Friday, September 9, 2011

Writing again...

I'm glad I've finally blasted through my writer's block, and am making progress once again.  Over the past few days, I've been writing non-stop in one of my notebooks.  It's the notebook I've dedicated to my fairy tale-like story because it has a picture of Tinkerbell on the cover.  I started out writing in it any ideas for upcoming scenes in the book to actually writing some whole chapters in it to be added later to the manuscript on my computer.

I started this latest writing bout wanting to start my book from scratch, taking the time to re-write the whole thing entirely to make it flow the way I want it to.  Then, as I began writing more and more onto the notebook page, I realized what I was writing could be fit into the existing story line, and still work.

Now, though, I feel like I'm going off on tangent with the newest couple paragraphs because it's pertaining to how the shepherdess's parents met and I feel it's starting to take away from the rest of the story.  I want to work the parents story into the book somehow because I had this idea of making the shepherdess come from nobility, and that way she can marry the Prince in the end without being just a regular commoner.

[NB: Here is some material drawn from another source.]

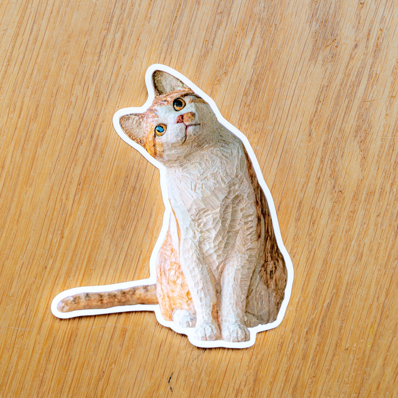 彫刻家はしもとみおさんが2022年初頭に完成させた近藤研二の愛猫ウニの木彫がステッカーになりました。
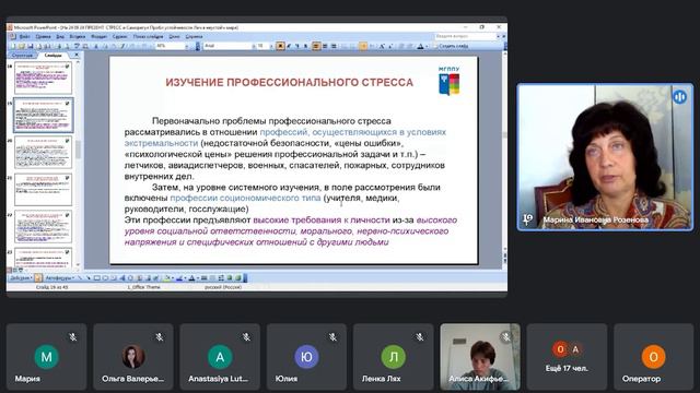 Описание лекции 30.09.2024 Тема: Стресс и саморегуляция: проблемы устойчивости личности в неустойчивом мире Розенова Марина Ивановна, доктор психологических наук, профессор, профессор кафедры научных основ экстремальной психологии факультета «Экстремальная психология» МГППУ

One of the twist's is she won't know the truth about the nobility until the end if I have my way.  The back story: Her titled grandparents fled England for Scotland to escape having to fight a battle they were against in the first place.  A battle the grandfather thought could be avoided, but was wanted by all the other noblemen.  He sells his property, and moves his wife and child to Scotland.  When the older generation dies, the title gets passed down to their son (the Shepherdess's father) who ends up living pretty meagerly by choice.

They have no servants, own the land they live on, want for nothing, and work the farm they live on themselves.  The family's titles only show up on official paperwork, and business documents.  Some of the townspeople know of the family's nobility, but don't bring it up out of respect for the shepherdess's father who wants to tell his daughter when he's ready about her privileged heritage.

I know I'll figure things out eventually, and will be able to write the story the way I want it to be written.  It'll just take time, and me putting more thought into how I want to proceed from where I'm at now.